The service will maintain a database mapping the media to the messages that reference it. If all messages referencing the media are redacted or otherwise deleted, the media will be automatically deleted. Additional necessary metadata, like the MIME type, will be stored there too. ^[10]
When serving the media to clients, to avoid XSS attacks the media will be served using the headers specified in the matrix spec. ^[11]

Matrix has a number of features that effectively update past messages. The key ones are edits, redactions and reactions. When the service receives one of these events, it will use the database to determine the page that the affected message is on and then ‘rerender’ that page to show the new state.

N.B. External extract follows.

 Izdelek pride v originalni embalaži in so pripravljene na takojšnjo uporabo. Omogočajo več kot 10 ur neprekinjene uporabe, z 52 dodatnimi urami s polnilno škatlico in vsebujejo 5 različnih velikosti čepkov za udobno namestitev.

Threads are one of the more complex features of Matrix to implement. From a user perspective, they effectively create a room within a room, starting from any message. In terms of the underlying protocol, threaded messages are effectively specially marked replies - but otherwise are normal events.
Because of the additional UI complexity of displaying threads as intended, they will initially just be rendered as normal replies with an indicator to mark them as threaded. This is a common approach used by many clients.^[12]
When these are properly implemented, threaded replies will be hidden in the main timeline. The start of the thread will be marked with a link to a page that contains the full thread. Additionally, every page with a threaded message will link to that thread in the sidebar.

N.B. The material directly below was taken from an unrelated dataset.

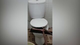 El equipo de cuatro personas tuvo dificultades para quitar la pitón mortal cuando se deslizó más profundamente en la taza del inodoro.

The list of rooms that are logged by the bot will be controlled by a configurable list of admin users. When invited into a room by one of these admins, it will join the room and start logging messages. If an admin is not a room admin/moderator, the bot will leave the room and stop logging. When kicked from the room by a room admin/moderator, it will stop logging that room.
A list of all archived rooms will be maintained as a sort of homepage to allow easy discovery. ^[13]

Tooling

The service will be deployed via a Docker image, similar to last year’s mb-mail-service image.
Bundling/minification of JS and CSS would be handled via a minimal Vite setup.
For operations, Sentry and Prometheus statistics will be integrated into the service.

MauBot

A MauBot instance would be set up on MeB servers to replace the remaining functionality of BrainzBot. ^[14]
MauBot is a Python-based Matrix bot centered around a plugin framework. At a high level, it is relatively similar to the framework BrainzBot is based on, aside from the obvious differences.

To replicate the functionality used by the community, the following plugins would be set up

GitHub - maubot/github: A GitHub client and webhook receiver for maubot, for GitHub notifications
A port of bangmotivate_redux.py
A port of jira.py, for previewing ticket IDs
Additional plugins, like the RSS plugin, could also be set up.

Timeline

April (now) - start of May: This is when I plan to do the groundwork / prototyping on the project, getting everything set up & doing what would normally happen in the Community Bonding Period.
The aim is to have something that can login to a matrix account and spit out the HTML for a stream of messages at the start of May.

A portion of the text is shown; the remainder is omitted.